I'm a Jr. Data Scientist and I'm trying to solve a problem that may be simple for experienced programmers. I'm dealing with Big Data on GCP and I need to optimize my code.
[...]
def send_to_bq(self, df):
result = []
for i, row in df[["id", "vectors", "processing_timestamp"]].iterrows():
data_dict = {
"processing_timestamp": str(row["processing_timestamp"]),
"id": row["id"],
"embeddings_vector": [str(x) for x in row["vectors"]],
}
result.append(data_dict)
[...]
Our DataFrame have the following pattern:
id name \
0 3498001704 roupa natal flanela animais estimacao traje ma...
vectors \
0 [0.4021441, 0.45425776, 0.3963987, 0.23765437,...
processing_timestamp
0 2021-10-26 23:48:57.315275
Using iterrows on a DataFrame is too slow. I've been studying alternatives and I know that:
- I can use apply
- I can vectorize it through Pandas Series (better than apply)

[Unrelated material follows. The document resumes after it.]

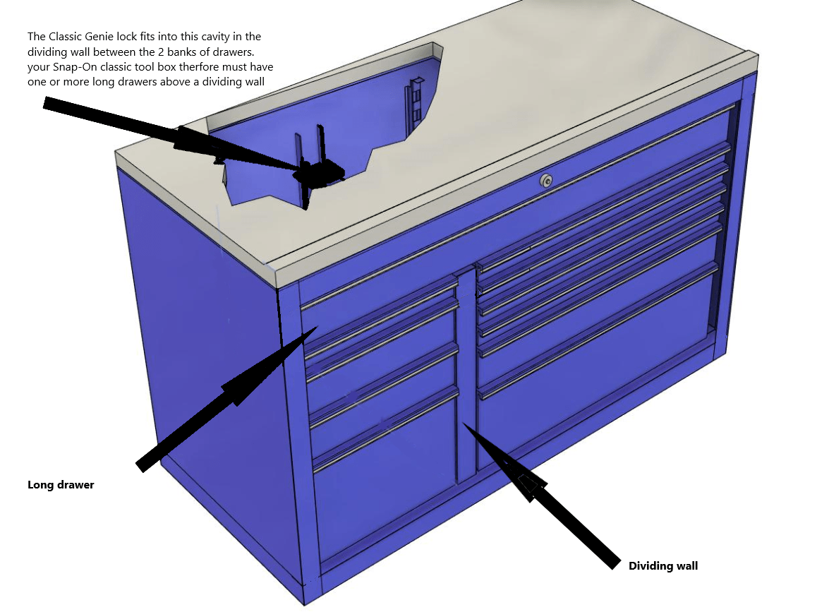 Genie-Lock for Classic Models. Simply Slots into the Cavity created by the dividing wall below the long drawers
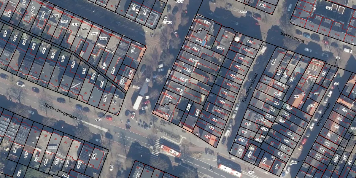 Het perceel waarop het adres ligt is HLM01-K-2060. De afkorting 'HLM01' staat voor kadastrale gemeente Haarlem. Het perceel is kleiner dan gemiddeld in Haarlem. Het perceel is 149 m² groot, terwijl het gemiddelde ligt op 328,3 m². Het grootste perceel in de kadastrale gemeente is 13,9 ha. Het kleinste perceel heeft een oppervlakte van 0 m². Er zijn 2 adressen aanwezig op het perceel. In de Basisregistratie Kadaster (BRK) werden de grenzen van het perceel geregistreerd op 28-11-1997.

- I can vectorize it through Numpy (better that Pandas vectorization)
- I can use Swifter - which uses apply method and then decides the better solution for you between Dask, Ray and vectorization
But I don't know how I can transform my code for those solutions.
Can anyone help me demonstrating a solution for my code? One is enough, but if someone could show more than one solution would be really educational for this matter.
Any help I will be more than grateful!